Sullivan has pointed out that many of the enhanced interrogation techniques approved by the CIA appear to be similar to interrogation techniques used by the Nazis. In fact, the Nazis even used the phrase "verschärfte Vernehmung" to describe these techniques, which roughly translates to mean "enhanced interrogation."
Now that sounds pretty bad, seeing how the Nazis were supposed to be so evil, until you look at what those techniques were. They included repeated beatings, long forced-standing, stress positions, withholding of food and medical care, sleep deprivation and other procedures to loosen up prisoners, which really doesn't sound so terrible. When I was a kid I got spanked, was forced to stand in a corner and went to bed without supper and I survived. Little did I know my parents were acting like Nazis! In fact, the Nazis initially banned the use of hypothermia and waterboarding as just too harsh for their delicate sensibilities, though they later discovered, as the CIA apparently did, that these kinds of limits really make life difficult for an interrogator.
Even though the Nazis were supposed to be really evil back in their day, their methods seem almost quaint by today's standards when compared with some of the stuff modern terrorists do. To even call some of these things torture is an insult to torture, according to The Weekly Standard's Michael Goldfarb. "The Times indicts the Bush administration for exposing terrorists captured abroad to 'head-slapping, simulated drowning and frigid temperatures.' Boo hoo," he writes in a piece called "Trivializing Torture."
As Jules Crittenden points out, "Article neglects to mention we are fighting an enemy that considers powerdrills into kneecaps and videotaped beheading of captives business as usual. That in fact, we have yet to face an enemy in the modern era that observes anything approaching the standards we do." The Times, he says, would have us fight the War on Terror with "one hand tied behind back." (Apparently, a malfunction in Mr. Crittenden's word processor rendered him incapable of typing definite articles on the day he wrote this post.)
Mr. Crittenden makes an important point. As long as we can say the terrorists are worse than we are, we have the moral high ground. But we cannot let them get too much worse than us or there will be a morality gap that could be as devastating as the missile gap potentially was during the Cold War. So we need to stay just one small step behind the enemy in the torture race. If they ratchet up their interrogation techniques, we need to ratchet up ours, making sure that they always stay just a little bit more evil than us so that we can retain our moral superiority. If we had remained only not quite as bad as the Nazis, we would have fallen too far behind the terrorists. As the terrorists leave the Nazis in the dust, so must we if we have any hope of defeating them.

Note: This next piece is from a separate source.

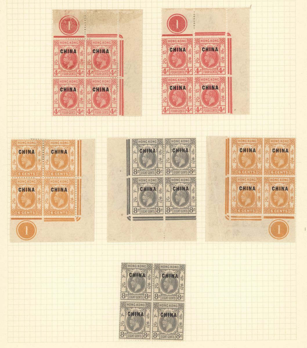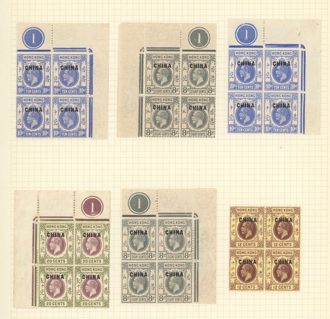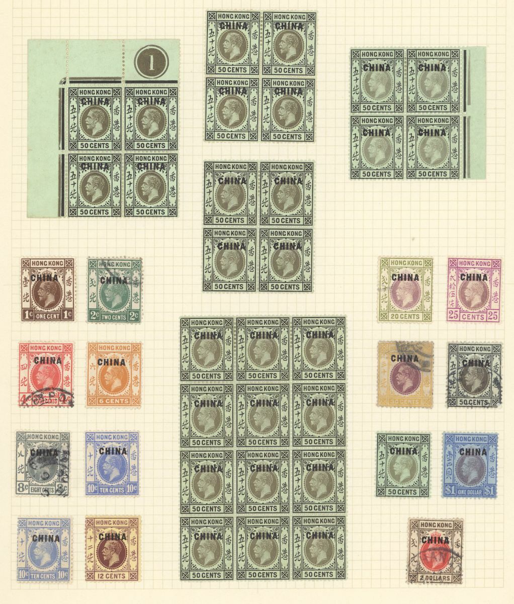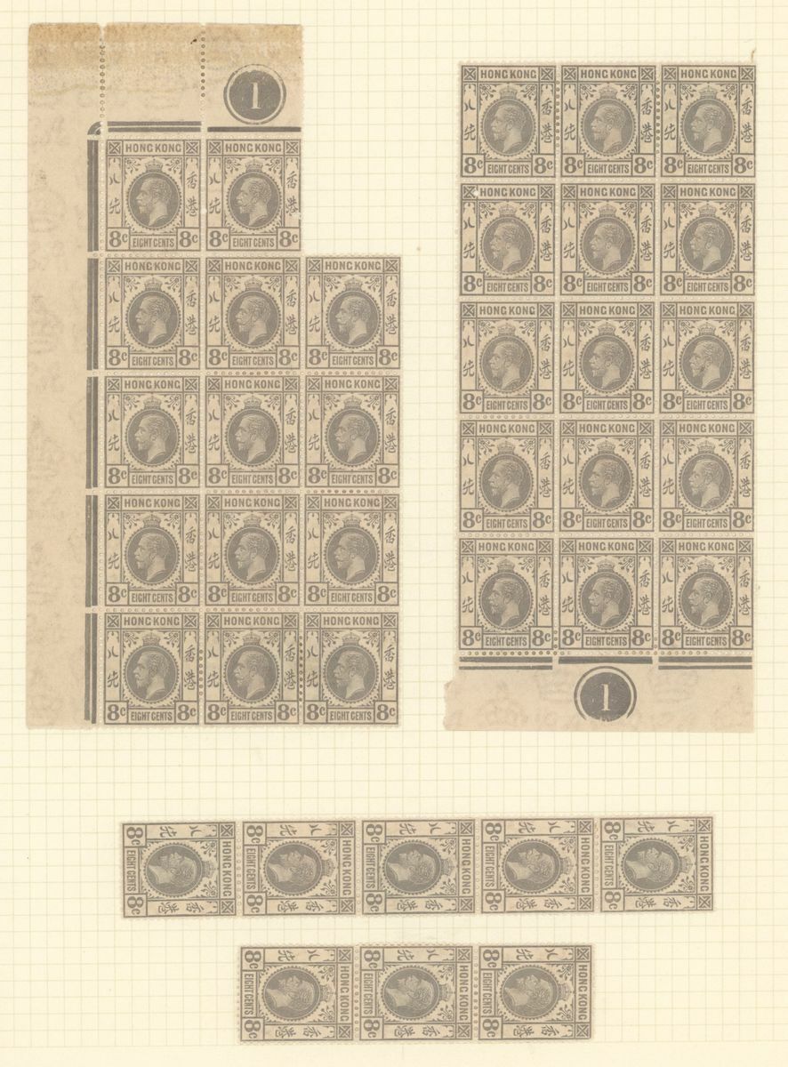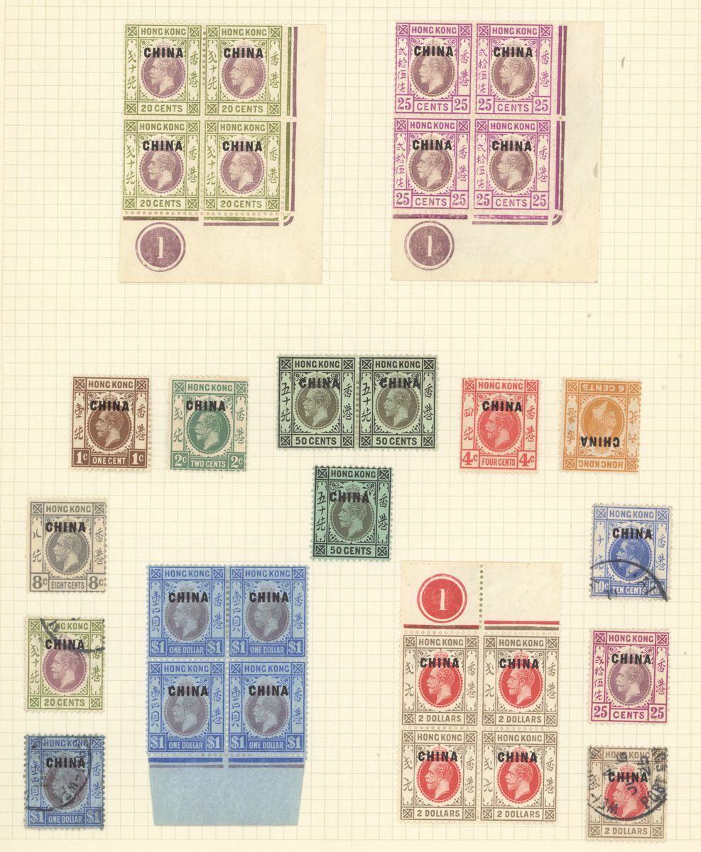 Mostly mint collection on album pages (10) with many blocks (some with sheet numbers) and duplication including 1917-21 selection 1c., 2c., 4c., 6c. 50c. mint blocks of four (3+ of each value) and many with sheet numbers, 8c. and 10c. marginal blocks showing sheet number (2 each), 50c. multiple of twelve, $2 used; 1922-27 set $2 in blocks except 50c. (pair), much duplication with 1c., 2c., 3c. blocks of four (3 each) some with sheet numbers, $1 block and $2 block with upper margin showing sheet number; also Hong Kong 1921-37 8c. (90+) in a range of different multiples, mixed condition and toning present nevertheless a scarce group of multiples.

Unfortunately, the strict standards of the Geneva Conventions and American laws that incorporate them don't allow for the fact that the definition of torture is a fluid one. These rules seem to be based on an inflexible Platonic ideal of torture. But times change. What seemed like torture back during World War II is like a walk in the park today. The CIA and our armed forces need the flexibility to continually redefine torture and enhance our interrogation techniques as the enemy continually enhances its interrogation techniques. Only by frequently defining torture up -- but not too far up because we never want to be as bad as they are -- can we hope to stay on an almost even playing field with the enemy. As long as there are a few new atrocities that the enemy commits that we can point to as worse than things we do, then we know we are winning the moral battle and we still have a chance to win the military one. The CIA has a tough enough job making sure that their torture is worse than our torture (which can't even really be called torture anymore) but not so much worse that they pull too far ahead of us. They don't need to have their job made even more difficult by meddling politicians whose outdated conceptions of torture and rigid moral standards only strait-jacket our troops.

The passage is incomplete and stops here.